What is needed: Using the records below, find how many lines hold the word "Black" and reply with only that number.

Top of The input

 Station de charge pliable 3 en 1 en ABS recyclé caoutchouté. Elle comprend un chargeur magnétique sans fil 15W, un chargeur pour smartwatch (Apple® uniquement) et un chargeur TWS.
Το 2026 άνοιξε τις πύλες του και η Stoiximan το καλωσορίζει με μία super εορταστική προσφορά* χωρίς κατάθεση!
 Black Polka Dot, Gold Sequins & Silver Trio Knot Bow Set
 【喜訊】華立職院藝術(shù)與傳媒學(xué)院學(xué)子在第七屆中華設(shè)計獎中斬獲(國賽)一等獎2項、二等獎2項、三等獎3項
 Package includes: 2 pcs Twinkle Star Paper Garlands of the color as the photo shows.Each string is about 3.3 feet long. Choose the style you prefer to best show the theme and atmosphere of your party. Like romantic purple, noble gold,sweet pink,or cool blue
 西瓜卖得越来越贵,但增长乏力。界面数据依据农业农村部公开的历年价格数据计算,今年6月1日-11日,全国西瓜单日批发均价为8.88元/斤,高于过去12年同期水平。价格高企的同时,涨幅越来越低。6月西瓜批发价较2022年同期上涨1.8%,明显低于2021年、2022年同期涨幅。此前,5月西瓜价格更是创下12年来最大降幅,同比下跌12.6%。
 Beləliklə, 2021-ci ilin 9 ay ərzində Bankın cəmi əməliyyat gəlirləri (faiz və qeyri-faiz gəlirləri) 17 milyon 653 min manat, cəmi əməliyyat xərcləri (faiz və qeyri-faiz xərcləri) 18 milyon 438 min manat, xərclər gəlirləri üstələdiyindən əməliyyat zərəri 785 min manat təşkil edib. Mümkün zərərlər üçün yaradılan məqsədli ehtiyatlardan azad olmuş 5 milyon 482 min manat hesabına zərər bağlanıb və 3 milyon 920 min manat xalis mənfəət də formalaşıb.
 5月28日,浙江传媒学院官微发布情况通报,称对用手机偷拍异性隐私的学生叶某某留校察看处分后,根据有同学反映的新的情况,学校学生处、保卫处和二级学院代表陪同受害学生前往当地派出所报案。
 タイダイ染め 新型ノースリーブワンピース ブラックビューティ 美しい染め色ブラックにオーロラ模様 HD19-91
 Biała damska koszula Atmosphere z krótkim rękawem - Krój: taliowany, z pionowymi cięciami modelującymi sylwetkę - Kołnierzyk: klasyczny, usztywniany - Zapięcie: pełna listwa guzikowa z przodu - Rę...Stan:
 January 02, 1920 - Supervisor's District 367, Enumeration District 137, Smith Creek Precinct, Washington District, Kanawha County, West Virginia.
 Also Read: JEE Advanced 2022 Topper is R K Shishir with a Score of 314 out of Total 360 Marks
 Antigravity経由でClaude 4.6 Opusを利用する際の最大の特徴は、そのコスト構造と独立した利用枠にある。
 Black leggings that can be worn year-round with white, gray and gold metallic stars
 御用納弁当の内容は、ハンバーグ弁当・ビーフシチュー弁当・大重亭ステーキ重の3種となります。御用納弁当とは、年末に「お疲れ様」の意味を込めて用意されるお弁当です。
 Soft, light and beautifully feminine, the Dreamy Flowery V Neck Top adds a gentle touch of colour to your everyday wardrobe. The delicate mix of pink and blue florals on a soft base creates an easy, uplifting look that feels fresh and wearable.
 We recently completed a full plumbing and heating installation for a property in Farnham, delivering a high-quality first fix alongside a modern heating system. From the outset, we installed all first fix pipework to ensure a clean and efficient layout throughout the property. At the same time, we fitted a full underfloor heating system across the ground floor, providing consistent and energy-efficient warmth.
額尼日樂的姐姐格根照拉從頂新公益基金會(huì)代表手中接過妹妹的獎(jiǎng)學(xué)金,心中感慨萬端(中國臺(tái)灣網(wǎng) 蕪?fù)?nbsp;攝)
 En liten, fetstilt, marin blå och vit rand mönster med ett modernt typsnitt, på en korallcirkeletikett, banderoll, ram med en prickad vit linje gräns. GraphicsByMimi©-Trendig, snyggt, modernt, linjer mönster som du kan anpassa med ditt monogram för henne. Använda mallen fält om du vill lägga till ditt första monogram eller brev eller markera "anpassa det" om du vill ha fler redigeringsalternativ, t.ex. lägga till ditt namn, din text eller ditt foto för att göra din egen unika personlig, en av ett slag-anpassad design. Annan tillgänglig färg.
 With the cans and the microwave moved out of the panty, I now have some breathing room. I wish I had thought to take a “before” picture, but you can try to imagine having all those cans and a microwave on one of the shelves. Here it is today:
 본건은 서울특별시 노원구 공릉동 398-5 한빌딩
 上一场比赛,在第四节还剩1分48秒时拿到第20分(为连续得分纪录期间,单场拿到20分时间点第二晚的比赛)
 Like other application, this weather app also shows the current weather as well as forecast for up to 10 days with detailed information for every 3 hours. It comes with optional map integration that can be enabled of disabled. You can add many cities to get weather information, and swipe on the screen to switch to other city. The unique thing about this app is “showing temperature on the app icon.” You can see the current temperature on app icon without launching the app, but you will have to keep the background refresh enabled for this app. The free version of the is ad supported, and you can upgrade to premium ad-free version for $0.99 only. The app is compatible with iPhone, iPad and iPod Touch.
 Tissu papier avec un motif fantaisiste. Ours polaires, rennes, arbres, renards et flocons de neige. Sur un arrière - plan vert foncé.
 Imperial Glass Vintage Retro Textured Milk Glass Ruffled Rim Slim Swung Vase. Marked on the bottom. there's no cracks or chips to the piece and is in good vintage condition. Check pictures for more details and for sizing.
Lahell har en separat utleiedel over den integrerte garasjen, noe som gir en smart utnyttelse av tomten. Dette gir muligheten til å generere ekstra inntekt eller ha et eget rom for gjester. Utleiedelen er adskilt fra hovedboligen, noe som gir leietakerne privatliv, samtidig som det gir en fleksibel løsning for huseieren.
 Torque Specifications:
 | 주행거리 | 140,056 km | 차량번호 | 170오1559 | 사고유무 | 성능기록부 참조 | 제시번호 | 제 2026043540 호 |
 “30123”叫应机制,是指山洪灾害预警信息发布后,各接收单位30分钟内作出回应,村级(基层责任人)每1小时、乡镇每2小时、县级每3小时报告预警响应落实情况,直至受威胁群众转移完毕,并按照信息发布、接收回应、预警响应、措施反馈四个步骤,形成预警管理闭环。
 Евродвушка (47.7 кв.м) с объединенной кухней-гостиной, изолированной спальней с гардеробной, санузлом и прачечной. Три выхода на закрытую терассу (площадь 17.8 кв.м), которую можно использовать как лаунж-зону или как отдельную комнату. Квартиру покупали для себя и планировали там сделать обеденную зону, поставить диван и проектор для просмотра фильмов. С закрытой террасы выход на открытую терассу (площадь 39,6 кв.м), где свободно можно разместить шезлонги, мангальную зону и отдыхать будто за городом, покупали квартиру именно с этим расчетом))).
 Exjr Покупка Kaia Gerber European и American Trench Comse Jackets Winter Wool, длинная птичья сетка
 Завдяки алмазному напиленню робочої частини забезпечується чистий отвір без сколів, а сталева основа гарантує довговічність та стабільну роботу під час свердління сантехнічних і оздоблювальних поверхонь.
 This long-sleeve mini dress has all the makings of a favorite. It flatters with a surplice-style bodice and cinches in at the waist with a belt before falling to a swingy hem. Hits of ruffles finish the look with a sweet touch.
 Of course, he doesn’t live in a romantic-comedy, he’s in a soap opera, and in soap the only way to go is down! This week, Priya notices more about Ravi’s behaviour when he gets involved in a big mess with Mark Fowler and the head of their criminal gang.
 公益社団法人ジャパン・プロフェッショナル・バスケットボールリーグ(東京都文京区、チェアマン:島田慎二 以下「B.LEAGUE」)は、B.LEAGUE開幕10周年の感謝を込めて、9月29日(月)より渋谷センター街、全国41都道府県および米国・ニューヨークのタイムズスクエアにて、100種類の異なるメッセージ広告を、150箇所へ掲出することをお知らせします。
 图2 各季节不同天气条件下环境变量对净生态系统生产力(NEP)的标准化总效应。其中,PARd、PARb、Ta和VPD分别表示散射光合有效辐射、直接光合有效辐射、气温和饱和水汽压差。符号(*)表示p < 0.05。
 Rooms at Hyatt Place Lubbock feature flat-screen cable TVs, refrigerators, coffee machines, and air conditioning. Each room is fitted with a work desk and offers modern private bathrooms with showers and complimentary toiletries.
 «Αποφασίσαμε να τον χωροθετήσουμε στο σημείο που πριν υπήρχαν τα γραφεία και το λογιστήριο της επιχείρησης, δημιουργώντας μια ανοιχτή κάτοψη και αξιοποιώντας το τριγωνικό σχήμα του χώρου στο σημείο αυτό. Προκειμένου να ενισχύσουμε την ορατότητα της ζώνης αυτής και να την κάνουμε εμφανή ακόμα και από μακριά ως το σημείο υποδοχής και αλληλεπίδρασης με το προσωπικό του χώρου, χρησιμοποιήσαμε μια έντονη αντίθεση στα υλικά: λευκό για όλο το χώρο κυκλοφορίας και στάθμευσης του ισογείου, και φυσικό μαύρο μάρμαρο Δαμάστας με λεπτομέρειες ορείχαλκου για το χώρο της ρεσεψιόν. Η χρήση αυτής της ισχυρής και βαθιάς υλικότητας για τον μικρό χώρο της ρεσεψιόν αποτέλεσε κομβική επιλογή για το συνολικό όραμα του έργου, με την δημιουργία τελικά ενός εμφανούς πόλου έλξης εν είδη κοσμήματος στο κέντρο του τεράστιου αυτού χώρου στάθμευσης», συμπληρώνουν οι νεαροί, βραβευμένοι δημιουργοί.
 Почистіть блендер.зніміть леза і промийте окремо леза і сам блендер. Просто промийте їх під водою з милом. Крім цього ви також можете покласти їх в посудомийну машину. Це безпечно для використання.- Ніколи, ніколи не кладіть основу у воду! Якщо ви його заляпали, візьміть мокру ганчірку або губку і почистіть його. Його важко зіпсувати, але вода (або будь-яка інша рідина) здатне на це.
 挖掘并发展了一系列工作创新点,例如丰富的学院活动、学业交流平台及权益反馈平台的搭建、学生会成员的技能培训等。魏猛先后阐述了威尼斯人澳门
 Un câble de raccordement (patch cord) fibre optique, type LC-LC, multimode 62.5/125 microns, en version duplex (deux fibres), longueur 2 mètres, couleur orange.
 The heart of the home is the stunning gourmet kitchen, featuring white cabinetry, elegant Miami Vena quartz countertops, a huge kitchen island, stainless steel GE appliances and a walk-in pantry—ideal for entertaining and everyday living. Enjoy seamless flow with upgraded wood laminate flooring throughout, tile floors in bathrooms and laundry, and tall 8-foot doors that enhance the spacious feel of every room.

Bottom of The input

Answer section: 2